PROVIDED RECORDS:
[Start of section]

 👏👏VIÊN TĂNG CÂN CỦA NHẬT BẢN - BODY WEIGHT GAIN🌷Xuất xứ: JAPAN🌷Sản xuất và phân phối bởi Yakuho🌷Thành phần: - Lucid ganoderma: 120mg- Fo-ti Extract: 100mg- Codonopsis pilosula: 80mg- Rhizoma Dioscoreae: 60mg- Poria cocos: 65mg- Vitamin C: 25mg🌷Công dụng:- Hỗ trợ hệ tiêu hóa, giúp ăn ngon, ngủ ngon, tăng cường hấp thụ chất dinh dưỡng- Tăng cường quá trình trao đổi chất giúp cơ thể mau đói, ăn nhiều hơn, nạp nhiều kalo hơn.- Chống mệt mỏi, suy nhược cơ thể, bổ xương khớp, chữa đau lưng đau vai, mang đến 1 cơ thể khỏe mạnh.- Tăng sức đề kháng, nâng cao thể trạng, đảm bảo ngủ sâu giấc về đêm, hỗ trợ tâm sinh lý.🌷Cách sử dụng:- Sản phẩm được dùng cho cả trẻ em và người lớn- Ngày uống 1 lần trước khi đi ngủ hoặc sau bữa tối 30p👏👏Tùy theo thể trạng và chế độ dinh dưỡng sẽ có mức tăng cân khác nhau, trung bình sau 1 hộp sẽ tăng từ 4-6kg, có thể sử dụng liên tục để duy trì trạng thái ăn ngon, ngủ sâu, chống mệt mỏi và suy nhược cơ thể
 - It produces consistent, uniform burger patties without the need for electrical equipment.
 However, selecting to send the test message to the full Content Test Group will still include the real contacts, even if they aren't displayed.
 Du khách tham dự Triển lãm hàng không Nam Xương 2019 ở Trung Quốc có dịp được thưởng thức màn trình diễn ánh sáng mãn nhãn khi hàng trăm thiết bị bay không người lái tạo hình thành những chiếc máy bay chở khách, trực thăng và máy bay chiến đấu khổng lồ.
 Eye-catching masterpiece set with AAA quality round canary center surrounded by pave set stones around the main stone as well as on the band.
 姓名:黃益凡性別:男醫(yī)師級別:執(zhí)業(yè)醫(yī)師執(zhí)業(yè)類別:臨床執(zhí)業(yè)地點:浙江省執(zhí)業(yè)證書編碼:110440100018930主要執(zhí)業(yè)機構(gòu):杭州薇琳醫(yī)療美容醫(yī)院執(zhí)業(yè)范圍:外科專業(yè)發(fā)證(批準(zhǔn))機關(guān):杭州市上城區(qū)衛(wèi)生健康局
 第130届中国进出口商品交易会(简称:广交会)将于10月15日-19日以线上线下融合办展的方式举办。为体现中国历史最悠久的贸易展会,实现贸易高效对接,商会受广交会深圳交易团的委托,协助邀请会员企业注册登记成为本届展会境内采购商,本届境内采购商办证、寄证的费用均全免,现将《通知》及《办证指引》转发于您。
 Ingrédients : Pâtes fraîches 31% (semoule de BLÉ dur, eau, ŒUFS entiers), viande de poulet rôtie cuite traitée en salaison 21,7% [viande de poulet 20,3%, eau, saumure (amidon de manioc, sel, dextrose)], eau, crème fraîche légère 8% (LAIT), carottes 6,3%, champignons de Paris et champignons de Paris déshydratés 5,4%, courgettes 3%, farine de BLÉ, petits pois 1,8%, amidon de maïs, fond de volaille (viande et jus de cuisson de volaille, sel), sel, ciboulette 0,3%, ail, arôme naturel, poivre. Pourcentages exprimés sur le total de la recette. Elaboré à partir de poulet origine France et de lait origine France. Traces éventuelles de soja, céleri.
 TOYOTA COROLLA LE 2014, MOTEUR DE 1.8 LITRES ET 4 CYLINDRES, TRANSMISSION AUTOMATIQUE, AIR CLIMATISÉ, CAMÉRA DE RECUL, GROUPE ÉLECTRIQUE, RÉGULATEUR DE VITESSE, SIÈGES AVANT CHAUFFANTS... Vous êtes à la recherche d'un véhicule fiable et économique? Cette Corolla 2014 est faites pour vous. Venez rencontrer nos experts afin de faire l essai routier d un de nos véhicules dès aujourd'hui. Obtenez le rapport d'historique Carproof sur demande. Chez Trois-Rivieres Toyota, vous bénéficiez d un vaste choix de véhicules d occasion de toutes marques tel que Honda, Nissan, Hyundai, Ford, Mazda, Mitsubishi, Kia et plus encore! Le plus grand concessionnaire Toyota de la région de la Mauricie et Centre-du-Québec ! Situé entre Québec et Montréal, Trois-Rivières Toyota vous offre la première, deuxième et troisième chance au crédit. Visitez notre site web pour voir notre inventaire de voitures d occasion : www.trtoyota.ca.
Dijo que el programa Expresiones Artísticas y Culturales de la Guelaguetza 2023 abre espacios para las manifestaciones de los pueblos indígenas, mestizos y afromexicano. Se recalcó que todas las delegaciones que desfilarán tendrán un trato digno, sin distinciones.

[End of section]

TASK ITEM: The answer is the run of lines above from the line containing "第130届中国进出口商品交易" through the line containing "Ingrédients : Pâtes", copied exactly and alone.

RESPONSE FOR THIS EXERCISE:
 第130届中国进出口商品交易会(简称:广交会)将于10月15日-19日以线上线下融合办展的方式举办。为体现中国历史最悠久的贸易展会,实现贸易高效对接,商会受广交会深圳交易团的委托,协助邀请会员企业注册登记成为本届展会境内采购商,本届境内采购商办证、寄证的费用均全免,现将《通知》及《办证指引》转发于您。
 Ingrédients : Pâtes fraîches 31% (semoule de BLÉ dur, eau, ŒUFS entiers), viande de poulet rôtie cuite traitée en salaison 21,7% [viande de poulet 20,3%, eau, saumure (amidon de manioc, sel, dextrose)], eau, crème fraîche légère 8% (LAIT), carottes 6,3%, champignons de Paris et champignons de Paris déshydratés 5,4%, courgettes 3%, farine de BLÉ, petits pois 1,8%, amidon de maïs, fond de volaille (viande et jus de cuisson de volaille, sel), sel, ciboulette 0,3%, ail, arôme naturel, poivre. Pourcentages exprimés sur le total de la recette. Elaboré à partir de poulet origine France et de lait origine France. Traces éventuelles de soja, céleri.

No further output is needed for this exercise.